Brief. The expected result is a verbatim repetition of the lines from the start of the entries through the line containing "Abstrakte Illustration mit", with the pictures removed.

Data for review.
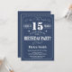 15th Birthday Invitation Blue and White Typography. Blue and White Background. Kids Birthday. Male Men or Women Birthday. Kids Boy or Girl Lady Teen Teenage Bday Invite. 13th 15th 16th 18th 20th 21st 30th 40th 50th 60th 70th 80th 90th 100th. Any Age. For further customisation, please click the "Customise it" button and use our design tool to modify this template.
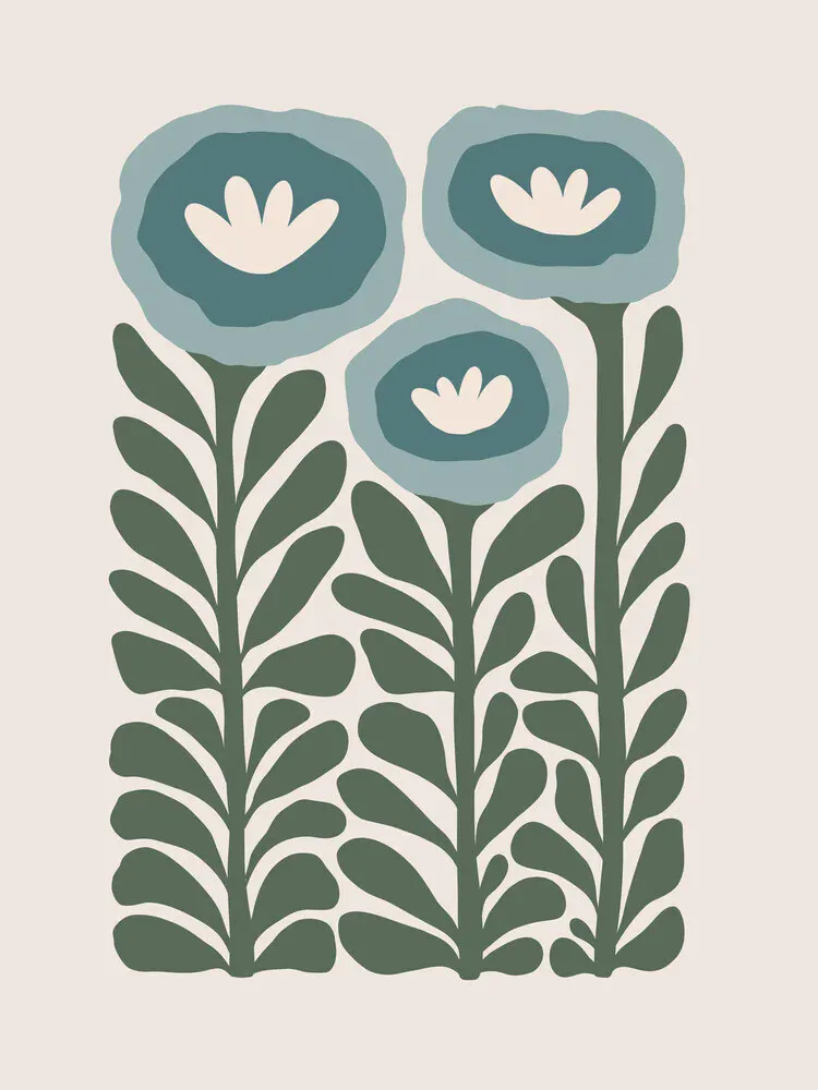 Abstrakte Illustration mit blühenden Formen in sanften Blautönen
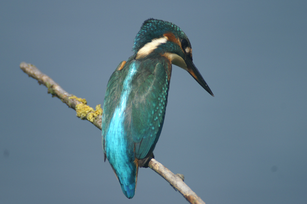 ijsvogel heeft een oranjebruine onderzijde en witte vlekken bij oor en keel.
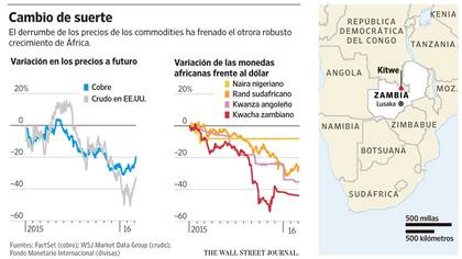 La disminución de la demanda china redujo a casi la mitad el precio del cobre en los últimos dos años, infligiendo un duro golpe a Zambia, que depende del metal para el 70% de sus exportaciones. Los contratistas y los propietarios de restaurantes que habían seguido a las empresas de construcción chinas a este país africano empiezan a devolverse a sus hogares. El kwacha, la moneda de Zambia, perdió casi la mitad de su valor el año pasado. En su desesperación, el presidente Edgar Lungu decretó días de oración en todo el país para pedir una intervención divina que resucite la economía.
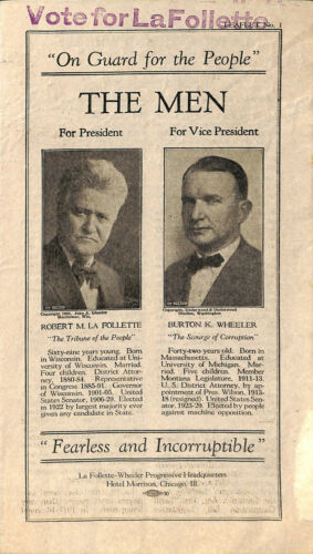 Robert LaFollette & Burton Wheeler Progressives for President Campaign Flier
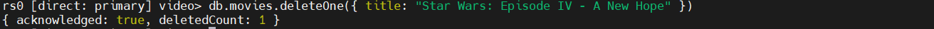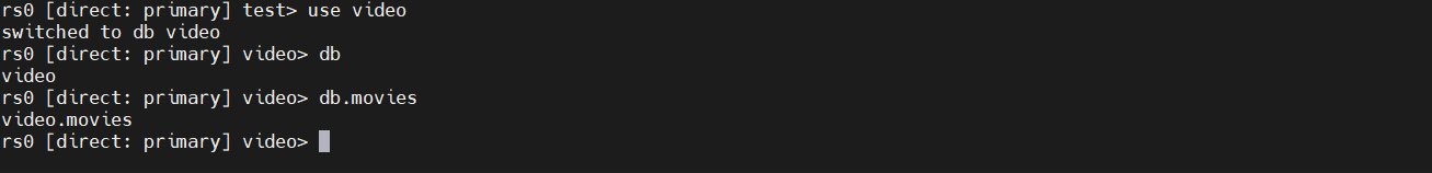 - 이제 여기서 사용자는 간단하게 DB 사용 및 CRUD 를 사용 해 볼 수 있다. 아래 예시는 video db 생성 및 video 라는 db 에 movies 라는 collection 을 만든다.

Solution below.
 15th Birthday Invitation Blue and White Typography. Blue and White Background. Kids Birthday. Male Men or Women Birthday. Kids Boy or Girl Lady Teen Teenage Bday Invite. 13th 15th 16th 18th 20th 21st 30th 40th 50th 60th 70th 80th 90th 100th. Any Age. For further customisation, please click the "Customise it" button and use our design tool to modify this template.
 Abstrakte Illustration mit blühenden Formen in sanften Blautönen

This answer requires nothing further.